Work required: Below are records with pictures in them. Output exactly the lines from the one with "elasticsearch에서 검색기능을 넣다가" through the one with "Detay: Topuklu Diz", both included, and leave every picture out; give only those lines.

Listed entries:
************

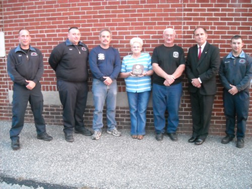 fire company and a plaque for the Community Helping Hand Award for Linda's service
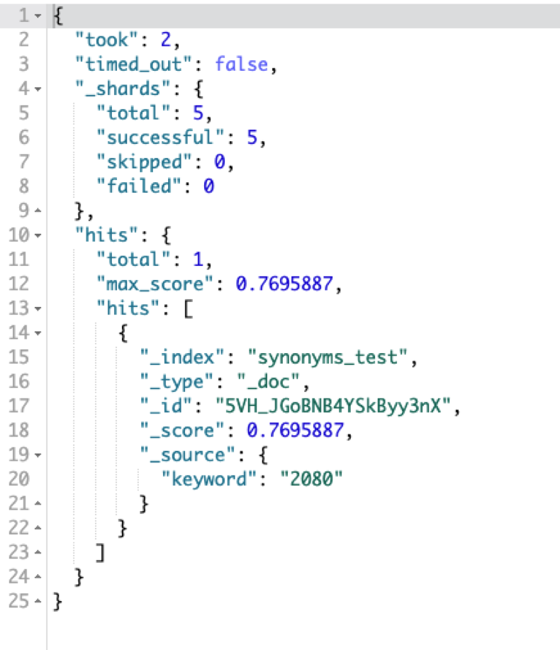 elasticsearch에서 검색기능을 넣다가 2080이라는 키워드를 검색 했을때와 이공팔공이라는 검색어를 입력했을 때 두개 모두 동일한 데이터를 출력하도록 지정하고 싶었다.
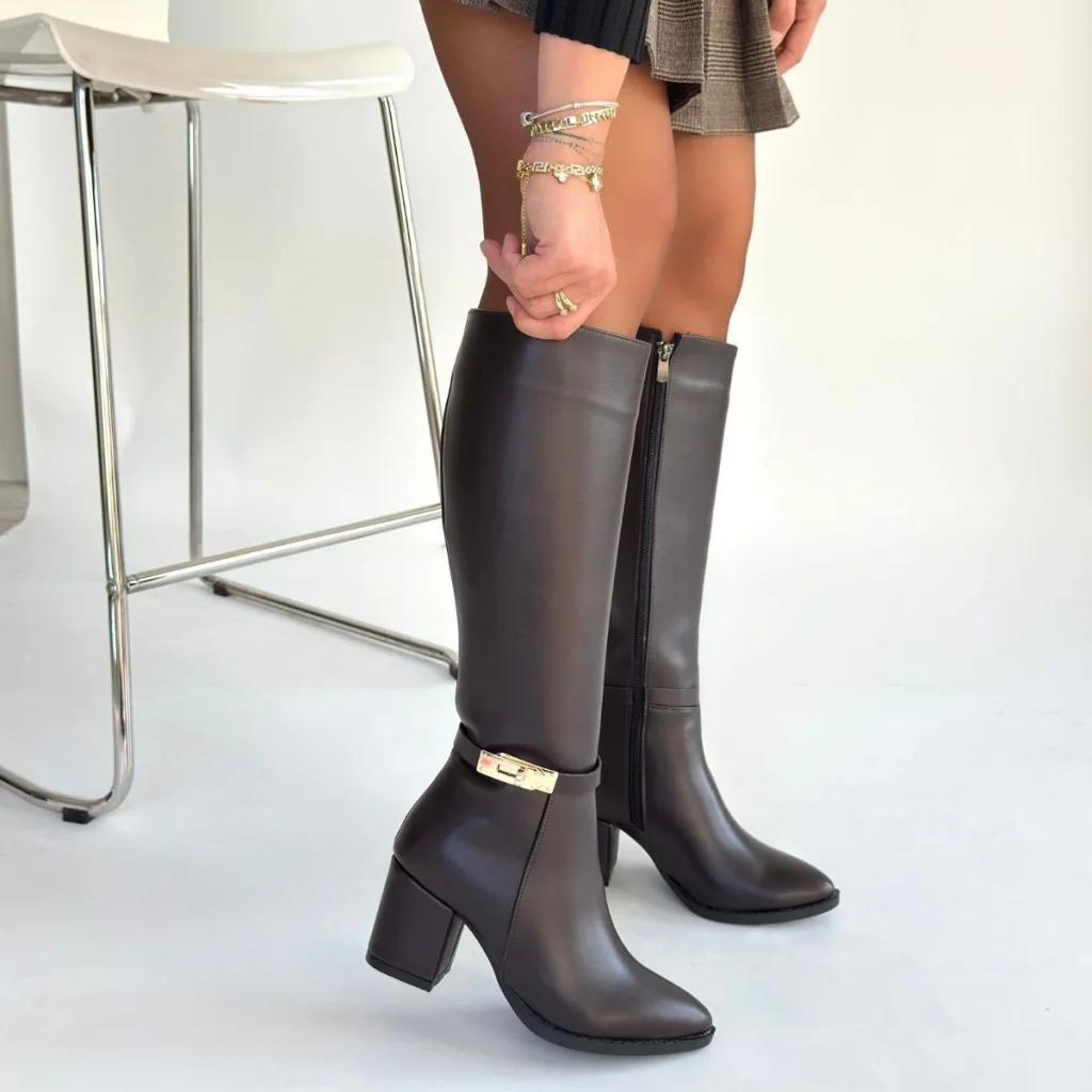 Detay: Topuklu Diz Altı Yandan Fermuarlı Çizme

************

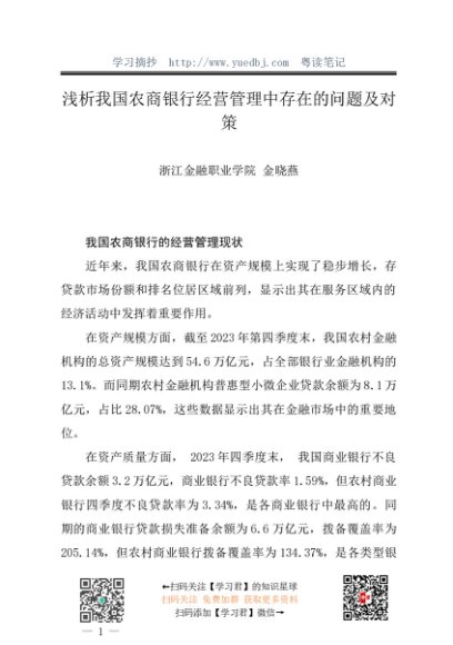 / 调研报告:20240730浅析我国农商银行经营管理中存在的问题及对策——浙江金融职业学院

************

Solution for this exercise:
 elasticsearch에서 검색기능을 넣다가 2080이라는 키워드를 검색 했을때와 이공팔공이라는 검색어를 입력했을 때 두개 모두 동일한 데이터를 출력하도록 지정하고 싶었다.
 Detay: Topuklu Diz Altı Yandan Fermuarlı Çizme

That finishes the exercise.